### Problem description
The records that follow need to be printed exactly. Leave out each image.

+--

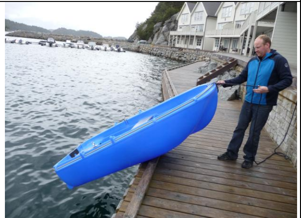
Hold tauet og legg båten sakte nedover / dra opp.
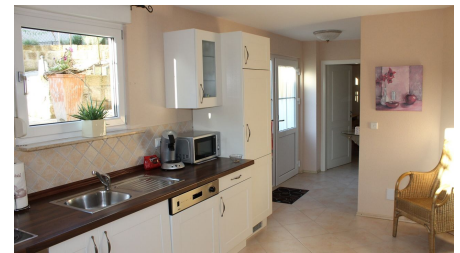
Ferienwohnung Schmidt, Küche, Zaberfeld
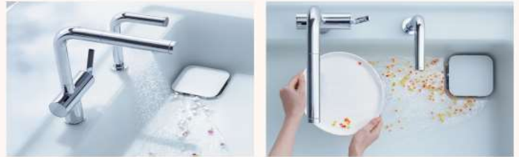
スクエアすべり台シンク(クリスタル)
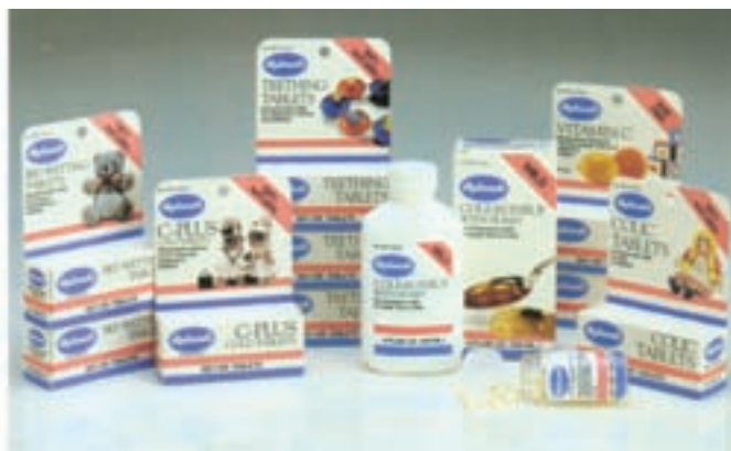
شکل ۳۴ - ۴ - طراحی بسته‌بندی داروهای کودکان
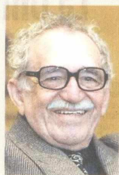
Un cuento de Gabo, en disertación.

condo del Parque Cultural del Caribe, se llevará a cabo una nueva edición de 'Hablemos de Gabo', un espacio que en esta oportunidad estará dedicado a leer, vivir y analizar "El último viaje del buque fantasma", uno de los cuentos más curiosos en la obra de Gabriel García Márquez, por ser una historia que se narra en un solo párrafo. La entrada es libre y gratuita.
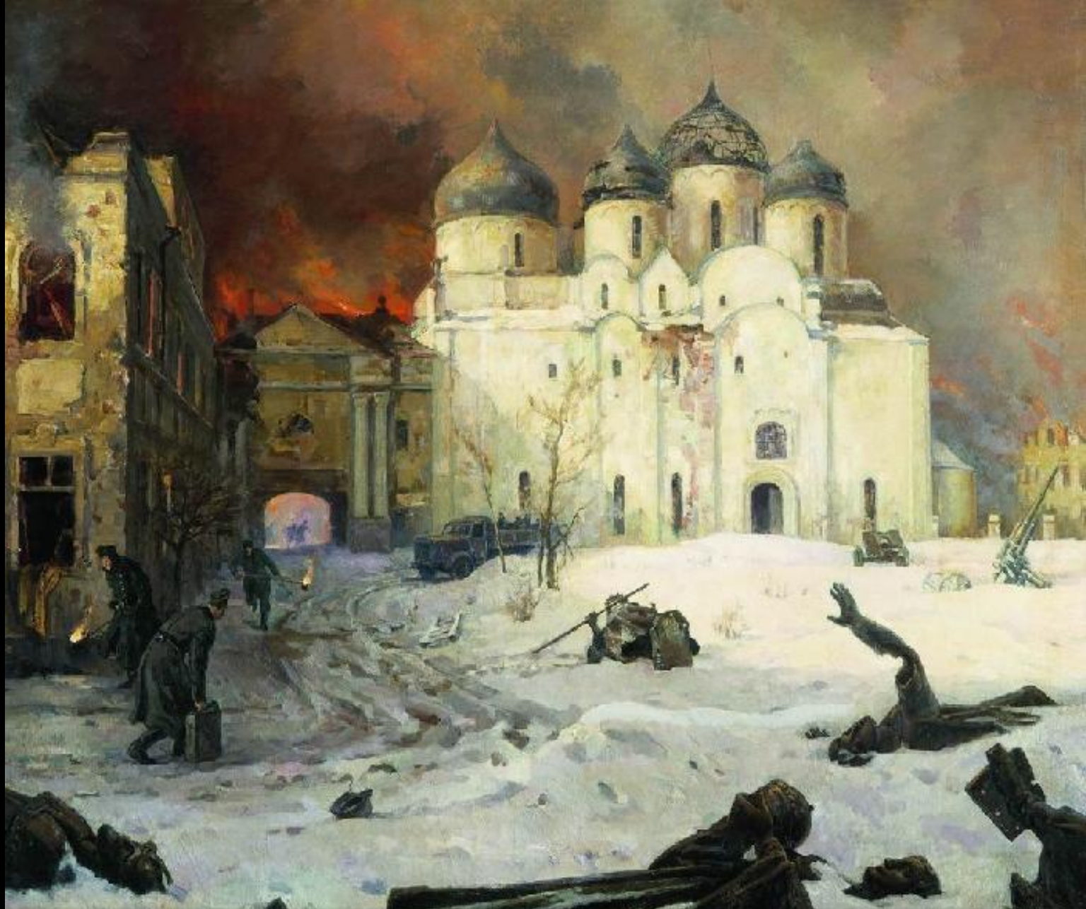
Кукрыниксы. Бегство фашистов из Новгорода (1944 – 1946)
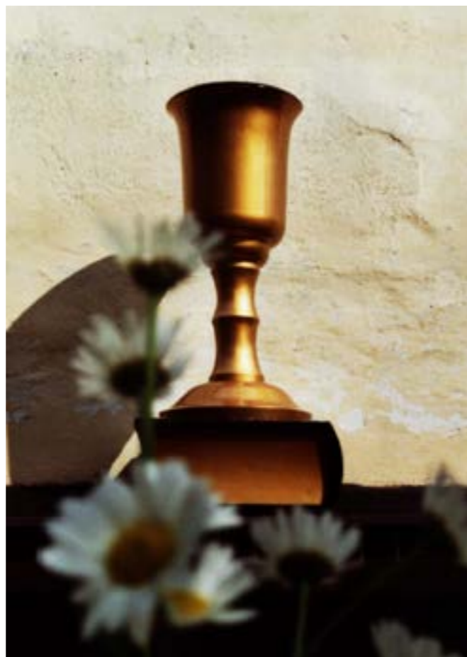
Bible a kalich – znak českých evangelíků.

Jsme křesťané. Lidé, kteří následují Ježíše Krista. Věříme, že náš život má smysl – protože nás stvořil Bůh a má nás rád. Věříme, že smysl života není v tom, mít hodně majetku, slávy nebo být zdravý – ale v lásce k Bohu, k lidem a sobě samému. Věříme, že konec všech věcí má v ruce Bůh, který je dobrý a zároveň spravedlivý. Věříme, že my lidé dobří
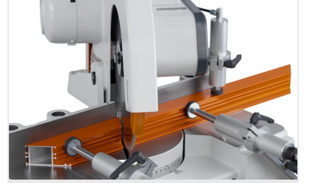
Tek Başlı Testere MGS 73/33
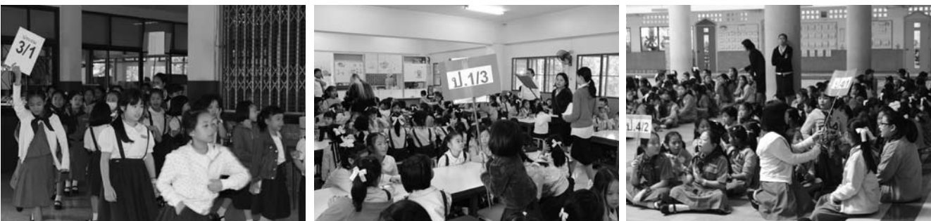
• การซ้อมทลบทยของนักเรียนระดับประถมศึกษา ณ อาคารเฉลิมพระเกียรติ เมื่อวันที่ 24 มกราคม 2557
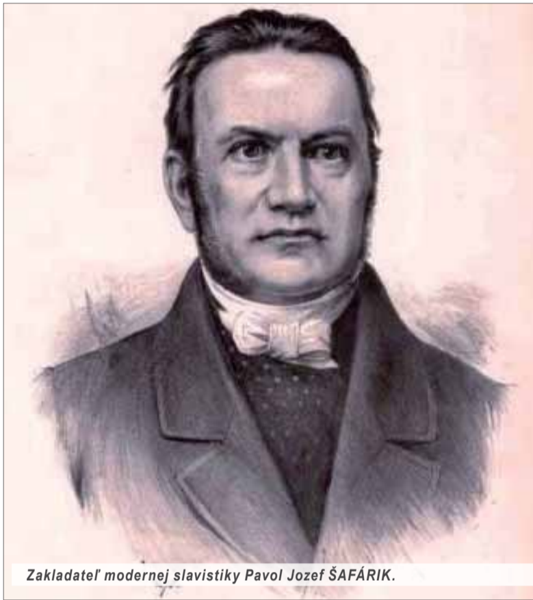
Zakladateľ modernej slavistiky Pavol Jozef ŠAFÁRIK.

V rokoch 1805 – 1808 študoval v Rožňave, kde si popri povinnej latinčine osvojil maďarčinu a nemčinu. Na jeseň v roku 1808 odišiel na štúdium do Dobšinej, o čom pravdepodobne opäť rozhodlo hmotné postavenie rodiny, keďže tu mohol bývať u sestry Márie. V dobšinskej škole dosiahol ešte väčšie úspechy než v Rožňave. Odchádzal odtiaľ s výborným vysvedčením, potrebnými vedomosťami z literatúry, so znalosťou latinčiny, nemčiny a maďarčiny. Pätnásťročný Šafárik však už vyčerpal možnosti štúdia v regióne a ak

+--

### Written answer
Hold tauet og legg båten sakte nedover / dra opp.
Ferienwohnung Schmidt, Küche, Zaberfeld
スクエアすべり台シンク(クリスタル)
شکل ۳۴ - ۴ - طراحی بسته‌بندی داروهای کودکان
Un cuento de Gabo, en disertación.

condo del Parque Cultural del Caribe, se llevará a cabo una nueva edición de 'Hablemos de Gabo', un espacio que en esta oportunidad estará dedicado a leer, vivir y analizar "El último viaje del buque fantasma", uno de los cuentos más curiosos en la obra de Gabriel García Márquez, por ser una historia que se narra en un solo párrafo. La entrada es libre y gratuita.
Кукрыниксы. Бегство фашистов из Новгорода (1944 – 1946)
Bible a kalich – znak českých evangelíků.

Jsme křesťané. Lidé, kteří následují Ježíše Krista. Věříme, že náš život má smysl – protože nás stvořil Bůh a má nás rád. Věříme, že smysl života není v tom, mít hodně majetku, slávy nebo být zdravý – ale v lásce k Bohu, k lidem a sobě samému. Věříme, že konec všech věcí má v ruce Bůh, který je dobrý a zároveň spravedlivý. Věříme, že my lidé dobří
Tek Başlı Testere MGS 73/33
• การซ้อมทลบทยของนักเรียนระดับประถมศึกษา ณ อาคารเฉลิมพระเกียรติ เมื่อวันที่ 24 มกราคม 2557
Zakladateľ modernej slavistiky Pavol Jozef ŠAFÁRIK.

V rokoch 1805 – 1808 študoval v Rožňave, kde si popri povinnej latinčine osvojil maďarčinu a nemčinu. Na jeseň v roku 1808 odišiel na štúdium do Dobšinej, o čom pravdepodobne opäť rozhodlo hmotné postavenie rodiny, keďže tu mohol bývať u sestry Márie. V dobšinskej škole dosiahol ešte väčšie úspechy než v Rožňave. Odchádzal odtiaľ s výborným vysvedčením, potrebnými vedomosťami z literatúry, so znalosťou latinčiny, nemčiny a maďarčiny. Pätnásťročný Šafárik však už vyčerpal možnosti štúdia v regióne a ak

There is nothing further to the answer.